__Work instructions__
Pictures in the listing below are skipped, while the lines from the "This is the view" line through the "This Multi-Coloured Santa" line are returned word for word.
### Input data
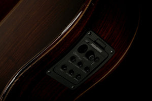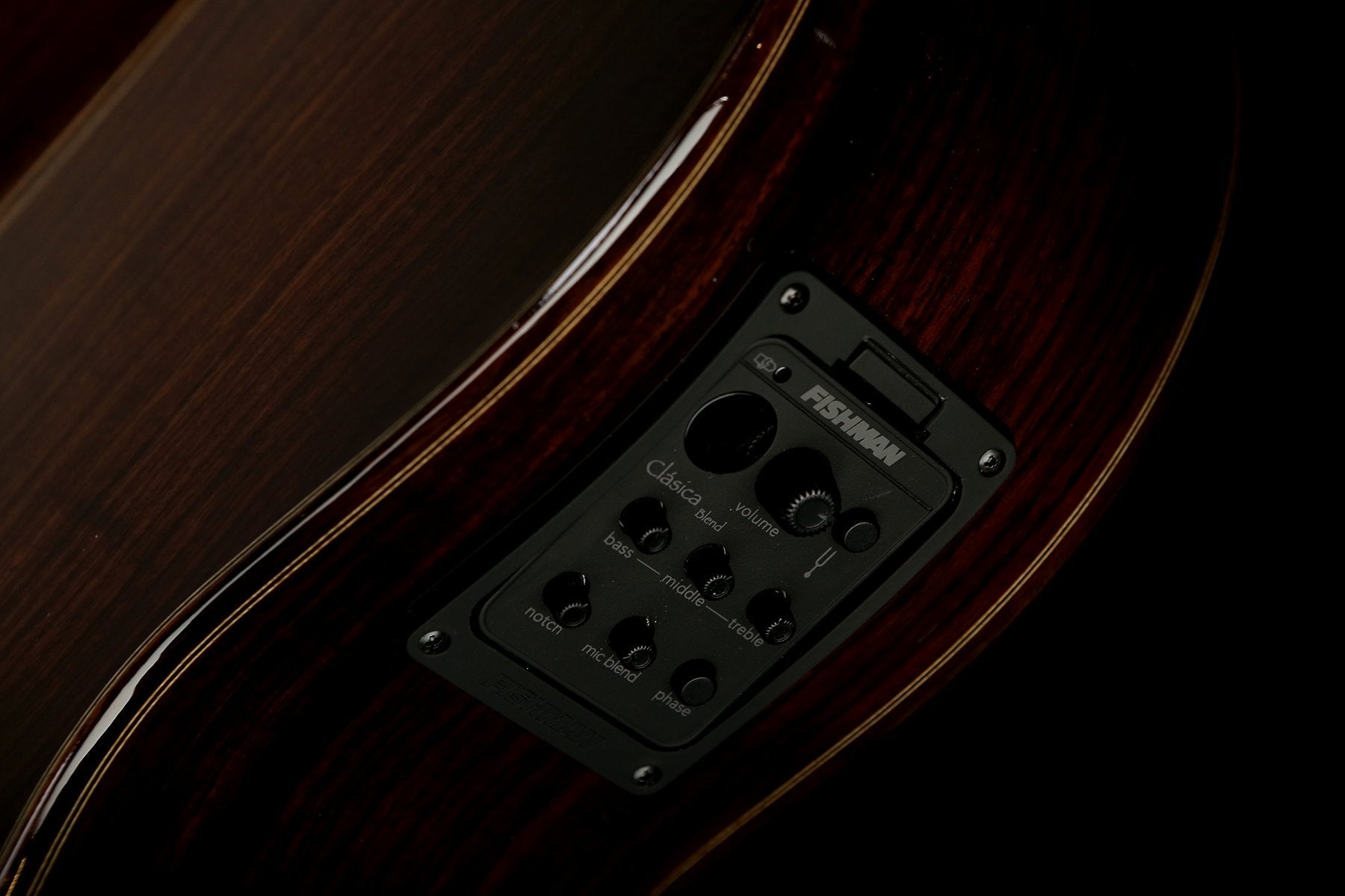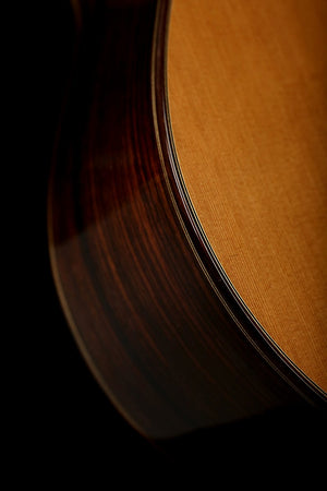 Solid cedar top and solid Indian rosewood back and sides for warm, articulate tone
######
### Input data
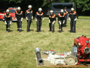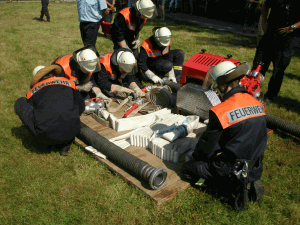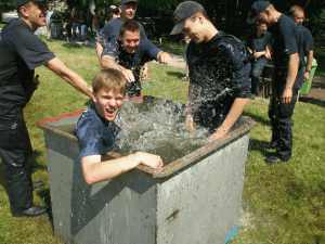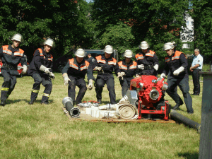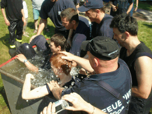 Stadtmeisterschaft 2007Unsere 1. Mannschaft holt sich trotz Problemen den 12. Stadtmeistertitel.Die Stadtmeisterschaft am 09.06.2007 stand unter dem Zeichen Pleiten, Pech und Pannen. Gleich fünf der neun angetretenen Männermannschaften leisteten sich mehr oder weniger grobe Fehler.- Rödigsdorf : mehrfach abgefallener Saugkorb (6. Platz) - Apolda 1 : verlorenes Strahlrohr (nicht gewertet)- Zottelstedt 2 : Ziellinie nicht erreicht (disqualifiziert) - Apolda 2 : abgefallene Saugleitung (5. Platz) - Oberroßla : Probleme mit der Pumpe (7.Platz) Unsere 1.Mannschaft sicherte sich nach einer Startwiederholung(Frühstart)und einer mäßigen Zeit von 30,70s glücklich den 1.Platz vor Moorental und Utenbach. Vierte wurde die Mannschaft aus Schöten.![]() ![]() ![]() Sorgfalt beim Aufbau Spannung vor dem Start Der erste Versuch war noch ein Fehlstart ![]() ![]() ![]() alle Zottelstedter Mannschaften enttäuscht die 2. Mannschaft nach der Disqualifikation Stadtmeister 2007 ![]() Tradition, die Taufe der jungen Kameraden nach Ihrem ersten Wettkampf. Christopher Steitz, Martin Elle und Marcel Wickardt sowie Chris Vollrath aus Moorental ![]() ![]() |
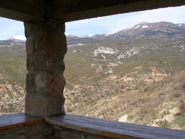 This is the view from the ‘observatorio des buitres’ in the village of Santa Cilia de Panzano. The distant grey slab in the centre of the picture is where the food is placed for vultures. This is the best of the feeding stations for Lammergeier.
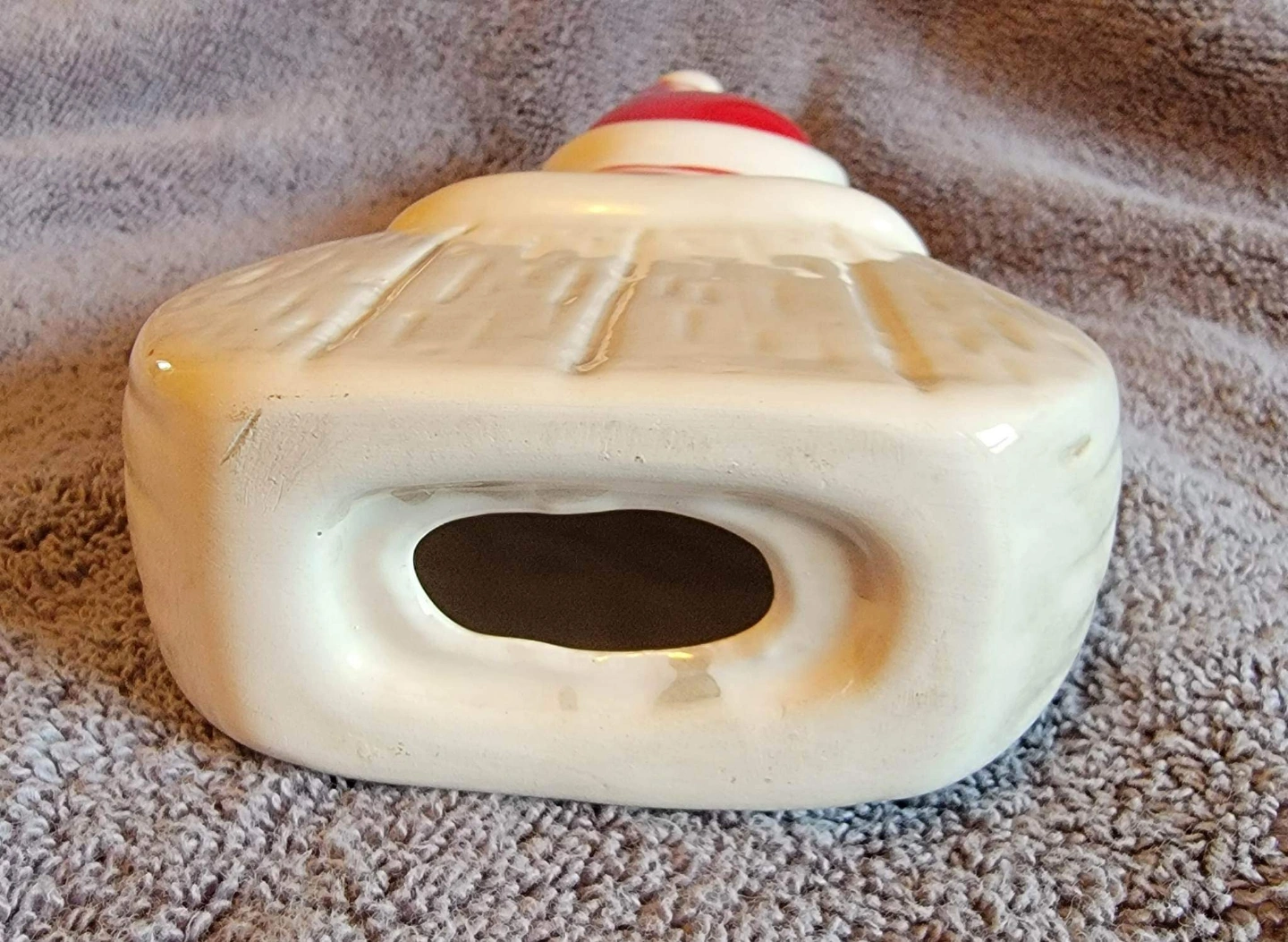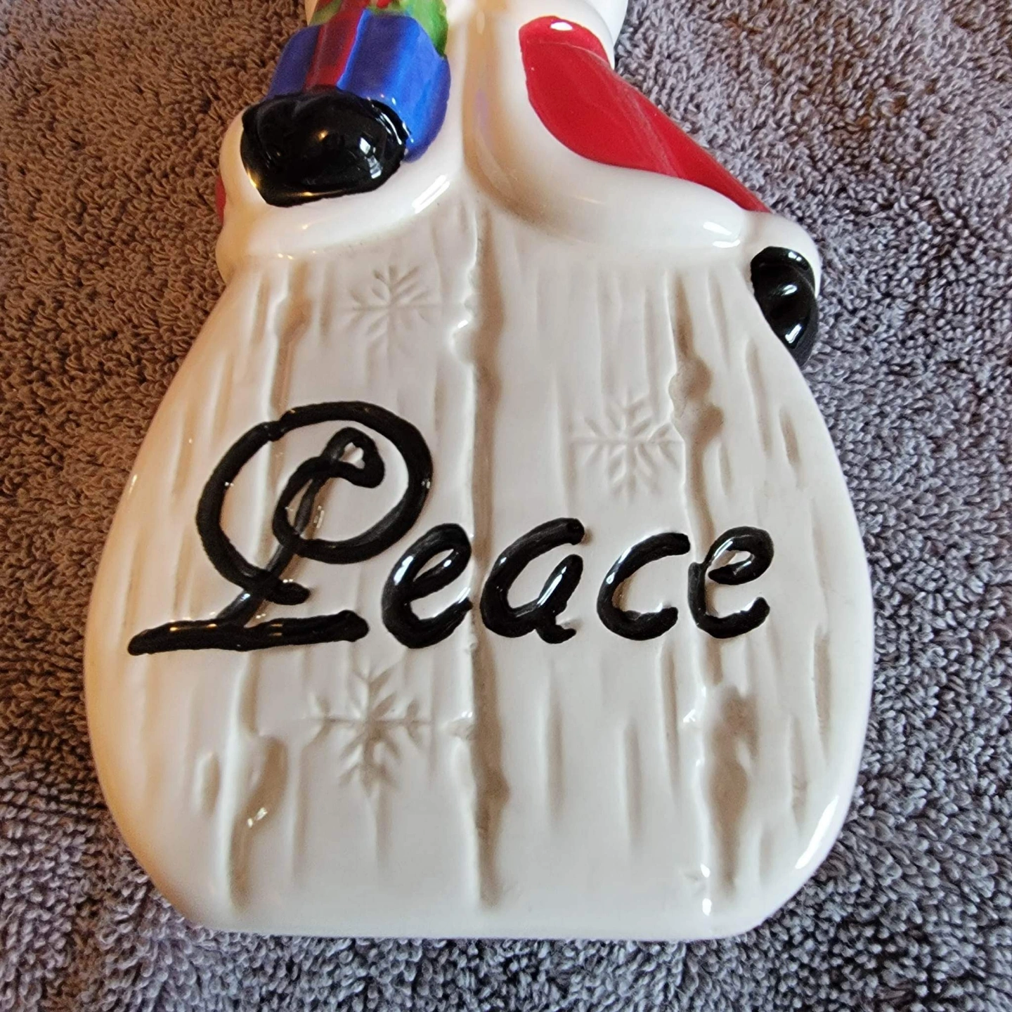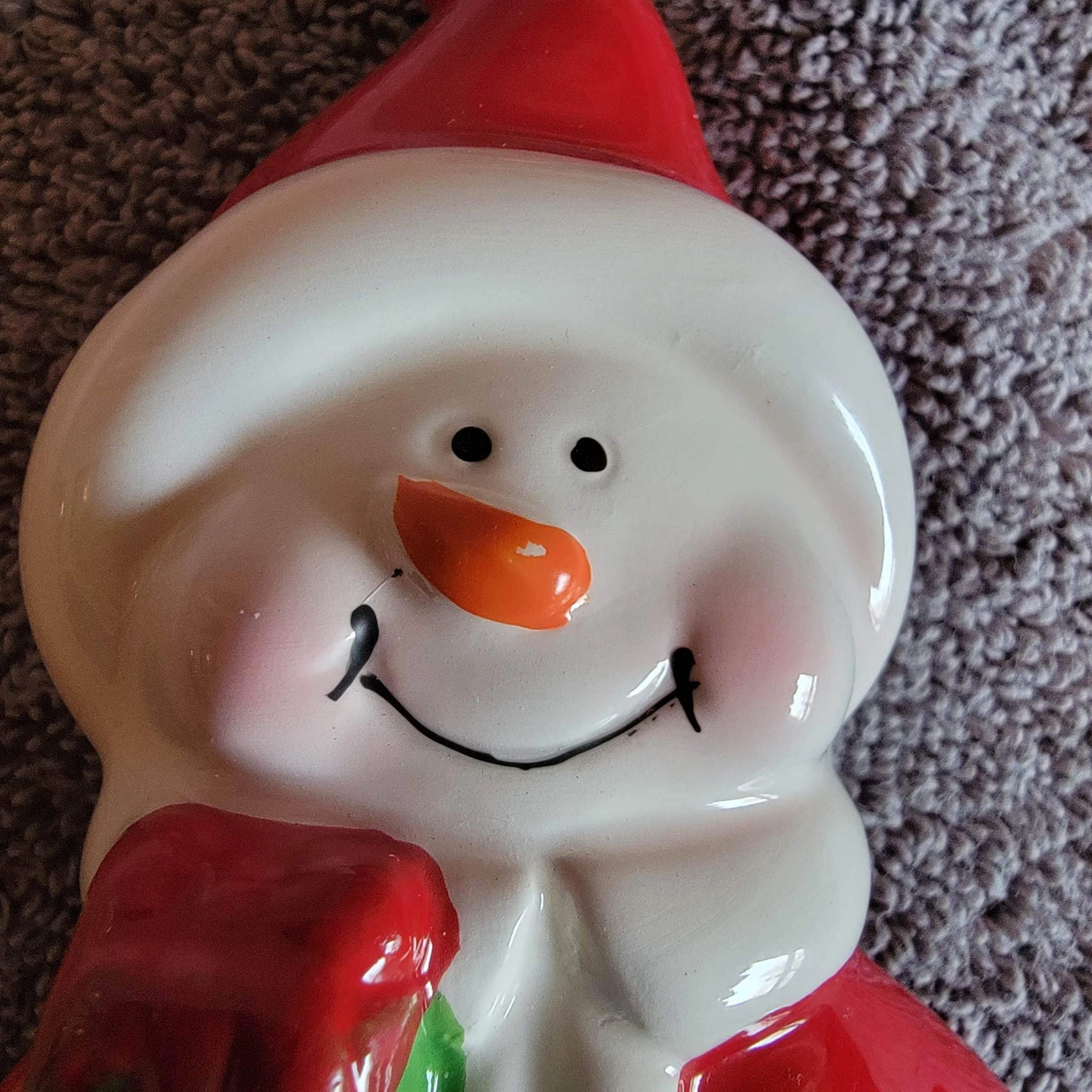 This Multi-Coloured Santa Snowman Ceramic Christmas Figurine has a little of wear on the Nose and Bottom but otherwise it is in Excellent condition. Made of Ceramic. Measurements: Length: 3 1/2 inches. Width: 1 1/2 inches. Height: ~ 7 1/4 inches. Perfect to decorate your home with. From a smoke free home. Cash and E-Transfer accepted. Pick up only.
######
### Input data
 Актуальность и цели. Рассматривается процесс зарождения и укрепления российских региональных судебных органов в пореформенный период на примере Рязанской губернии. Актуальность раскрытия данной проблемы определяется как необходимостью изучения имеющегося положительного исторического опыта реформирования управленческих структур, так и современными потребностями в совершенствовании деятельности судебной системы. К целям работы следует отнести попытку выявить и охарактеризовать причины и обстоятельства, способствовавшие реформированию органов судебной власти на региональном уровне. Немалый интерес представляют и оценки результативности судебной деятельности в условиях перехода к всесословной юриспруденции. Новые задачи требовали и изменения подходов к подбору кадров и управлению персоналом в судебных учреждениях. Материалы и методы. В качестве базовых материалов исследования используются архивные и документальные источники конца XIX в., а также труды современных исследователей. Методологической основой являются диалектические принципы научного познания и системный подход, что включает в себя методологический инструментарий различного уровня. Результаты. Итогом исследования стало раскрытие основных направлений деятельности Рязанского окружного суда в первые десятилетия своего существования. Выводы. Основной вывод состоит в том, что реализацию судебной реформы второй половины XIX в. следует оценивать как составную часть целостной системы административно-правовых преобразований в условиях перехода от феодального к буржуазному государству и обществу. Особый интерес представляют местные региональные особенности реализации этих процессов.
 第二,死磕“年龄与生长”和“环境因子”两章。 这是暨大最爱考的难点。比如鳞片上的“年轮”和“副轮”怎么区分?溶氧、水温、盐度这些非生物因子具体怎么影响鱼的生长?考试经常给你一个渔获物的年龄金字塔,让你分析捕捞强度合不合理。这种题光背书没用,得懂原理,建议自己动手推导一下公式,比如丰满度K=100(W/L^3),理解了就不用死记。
######
__Exercise answer__
 This is the view from the ‘observatorio des buitres’ in the village of Santa Cilia de Panzano. The distant grey slab in the centre of the picture is where the food is placed for vultures. This is the best of the feeding stations for Lammergeier.
 This Multi-Coloured Santa Snowman Ceramic Christmas Figurine has a little of wear on the Nose and Bottom but otherwise it is in Excellent condition. Made of Ceramic. Measurements: Length: 3 1/2 inches. Width: 1 1/2 inches. Height: ~ 7 1/4 inches. Perfect to decorate your home with. From a smoke free home. Cash and E-Transfer accepted. Pick up only.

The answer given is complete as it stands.